Sampling Attacks Against Hidden Web Databases
Speaker:Dr. Zhang Nan
Department of Computer Science, George Washington
University, Washington, DC, USA
Date & Time:02 Apr 2009 (Thursday) 10:30 - 11:30


A large number of online databases are hidden behind form-like web interfaces which allow users to execute search queries by specifying desired (ranges of) attribute values of the sought-after tuple(s). Most of these interfaces return restricted answers (e.g., only top-k of the selected tuples), while many of them also accompany each answer with the COUNT of the selected tuples. We shall present techniques which leverage the COUNT information to efficiently acquire unbiased samples of the hidden database. We shall also discuss variants for interfaces which do not provide COUNT information.

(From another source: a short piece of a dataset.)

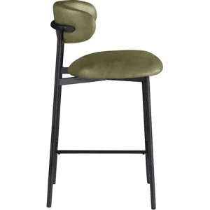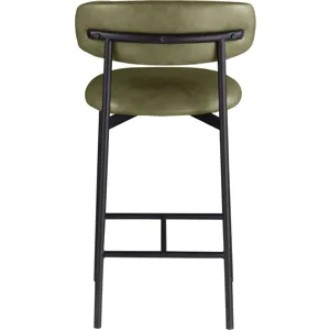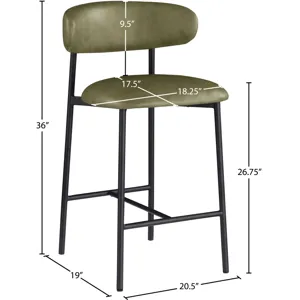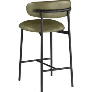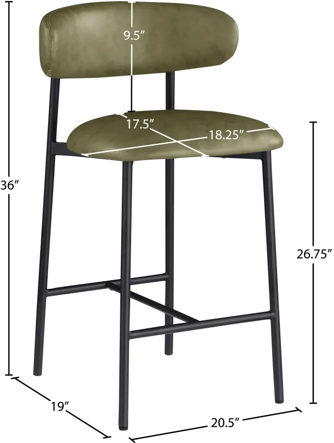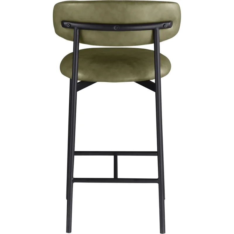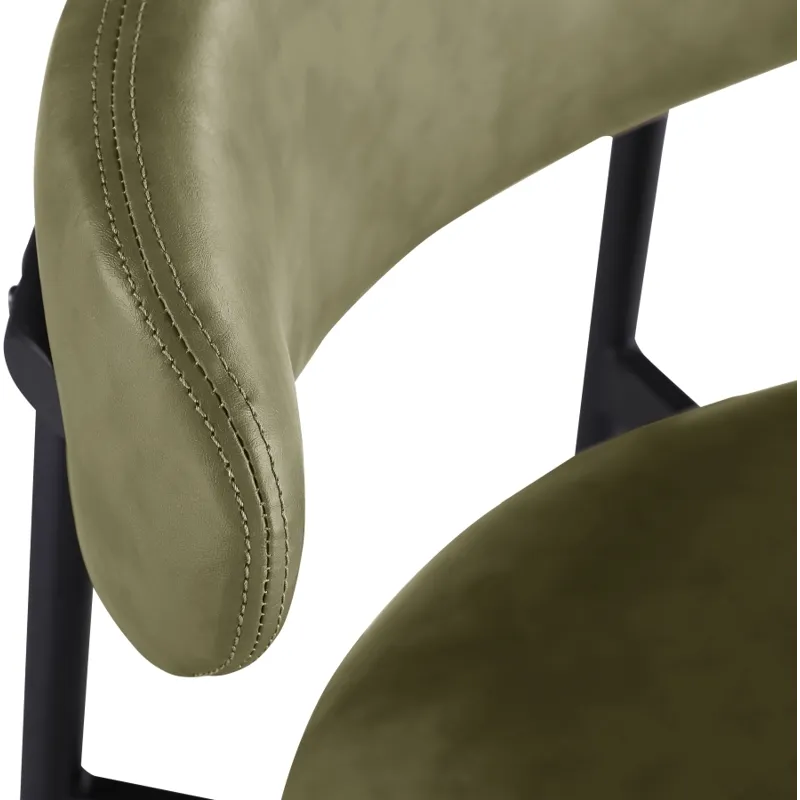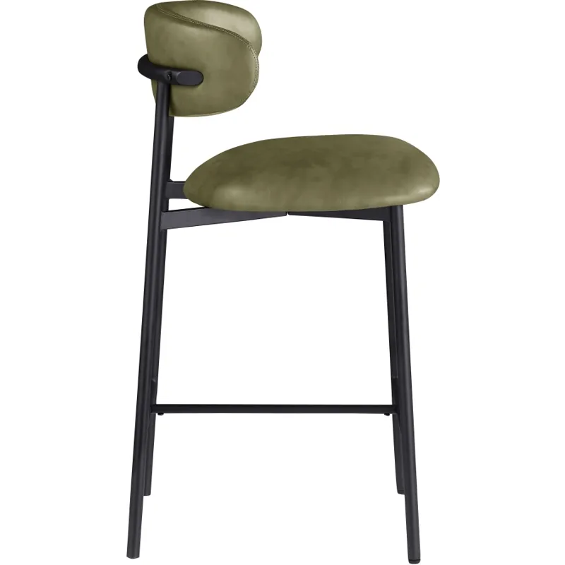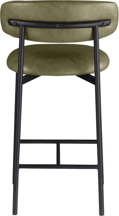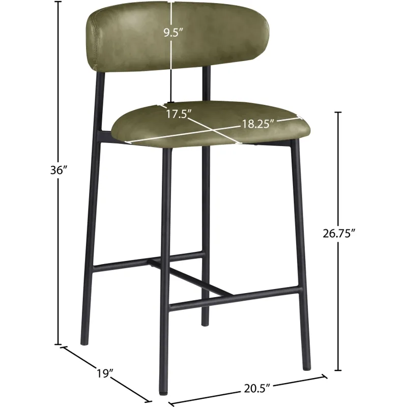 Grace, comfort, and elegance collide in the design of this Lupita olive vegan leather counter stool. Upholstered in soft olive vegan leather and supported by a matte black metal frame, it radiates luxury and modern sophistication. Perfect for kitchen islands or home bars, its counter height and contemporary design ensure both style and comfort. Elevate your space with this statement piece that harmonizes versatility and aesthetic appeal, promising to be a stunning addition to the space of your choice.

Dr. Nan Zhang is an Assistant Professor of Computer Science at the George Washington University, Washington, DC, USA. Prior to joining GWU, he was an assistant professor of Computer Science and Engineering at the University of Texas at Arlington from 2006 to 2008. He received the B.S. degree from Peking University in 2001 and the Ph.D. degree from Texas A&M University in 2006, both in computer science. His current research interests span security and privacy issues in databases, data mining, and computer networks, including privacy and anonymity in data collection, publishing, and sharing, privacy-preserving data mining, and wireless network security and privacy. He received the NSF CAREER award in 2008.